法律によって、解雇には一定の制限がかけられています。会社(使用者)による解雇は、解雇を行う客観的な合理性を欠き、社会通念上相当であると認められない場合、権利の濫用として無効となります(労働契約法16条)。逆に、①客観的な合理性があることと、②社会通念上相当であると認められることの、2つの要件が満たされれば、解雇は会社の正当な権利行使として認められます。ここで解雇の指標となるのは、就業規則です。常時10人以上の社員(労働者)を雇っている会社は、就業規則を作成し、行政官庁に届け出なければならないことになっています(労働基準法89条)。その就業規則の中に「退職に関する事項(解雇の事由を含む)」についても作成しなければなりません(同条3号)。これに沿って解雇の手続きを進めることが最低限のルールとなります。
また、社員(労働者)を解雇しようとする際に、会社(使用者)は少なくとも30日前に解雇することの予告をしなければならないことになっています(労働基準法20条1項前段)。30日前に解雇予告をしない場合には、会社は社員に対し30日分以上の平均賃金を支払わなければならないです(同項後段)。
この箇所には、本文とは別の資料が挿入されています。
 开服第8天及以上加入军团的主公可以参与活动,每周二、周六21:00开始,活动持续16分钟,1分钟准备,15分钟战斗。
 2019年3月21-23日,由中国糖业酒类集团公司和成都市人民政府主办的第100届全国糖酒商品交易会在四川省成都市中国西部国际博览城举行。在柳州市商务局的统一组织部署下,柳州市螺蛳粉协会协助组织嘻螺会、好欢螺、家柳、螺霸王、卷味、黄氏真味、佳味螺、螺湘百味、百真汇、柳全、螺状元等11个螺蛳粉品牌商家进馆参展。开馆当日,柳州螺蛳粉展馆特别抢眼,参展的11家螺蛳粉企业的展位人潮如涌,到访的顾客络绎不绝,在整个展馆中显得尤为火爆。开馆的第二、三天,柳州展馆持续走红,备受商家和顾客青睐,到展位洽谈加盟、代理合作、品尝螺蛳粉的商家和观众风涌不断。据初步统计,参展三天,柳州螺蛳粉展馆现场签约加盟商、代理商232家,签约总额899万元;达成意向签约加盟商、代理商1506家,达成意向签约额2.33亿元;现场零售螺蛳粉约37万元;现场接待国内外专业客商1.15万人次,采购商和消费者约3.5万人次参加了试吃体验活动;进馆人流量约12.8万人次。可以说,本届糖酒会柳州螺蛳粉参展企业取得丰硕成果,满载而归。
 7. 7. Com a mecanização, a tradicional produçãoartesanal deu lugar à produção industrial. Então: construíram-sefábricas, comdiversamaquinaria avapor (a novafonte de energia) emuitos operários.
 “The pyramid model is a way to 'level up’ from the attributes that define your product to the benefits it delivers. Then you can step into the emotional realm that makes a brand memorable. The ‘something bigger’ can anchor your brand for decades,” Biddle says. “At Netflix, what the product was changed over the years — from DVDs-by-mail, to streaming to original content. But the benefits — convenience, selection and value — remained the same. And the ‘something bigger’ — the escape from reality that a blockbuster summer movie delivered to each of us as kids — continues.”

ただ、無断欠勤を繰り返す社員に対しては解雇予告を除外しうること(解雇予告除外認定)があります。どのような場合に解雇予告を除外することができるかというと、「従業者の責に帰すべき事由」、具体的には2週間以上正当なく無断欠勤し、出勤の督促に応じない場合がこれにあたります。もっとも、会社が労働基準監督署に対して解雇予告除外認定の申請を行い、監督署がそれに応ずる形で無断欠勤を繰り返す社員の勤務年数、勤務状況、従業員の地位や職責を考慮し、使用者、従業員の双方から直接事情等を聞いて認定するかどうかを判断することになります。
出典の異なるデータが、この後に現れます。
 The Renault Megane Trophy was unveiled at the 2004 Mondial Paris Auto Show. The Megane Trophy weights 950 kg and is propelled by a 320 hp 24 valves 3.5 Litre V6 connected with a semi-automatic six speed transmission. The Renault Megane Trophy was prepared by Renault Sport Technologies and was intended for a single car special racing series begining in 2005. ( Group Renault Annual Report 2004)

このように、会社からの解雇を行う際には一定の要件を満たす必要があります。そのため、退職勧奨により自主的に問題社員を辞めさせるという方針も考えられます。退職勧奨は、法律による制限は特にないため、会社にとっては便利な解雇手段になります。しかし、自主退職を勧める言い方により、会社による違法なハラスメントとして訴えられる可能性がありますので、十分に注意する必要があります。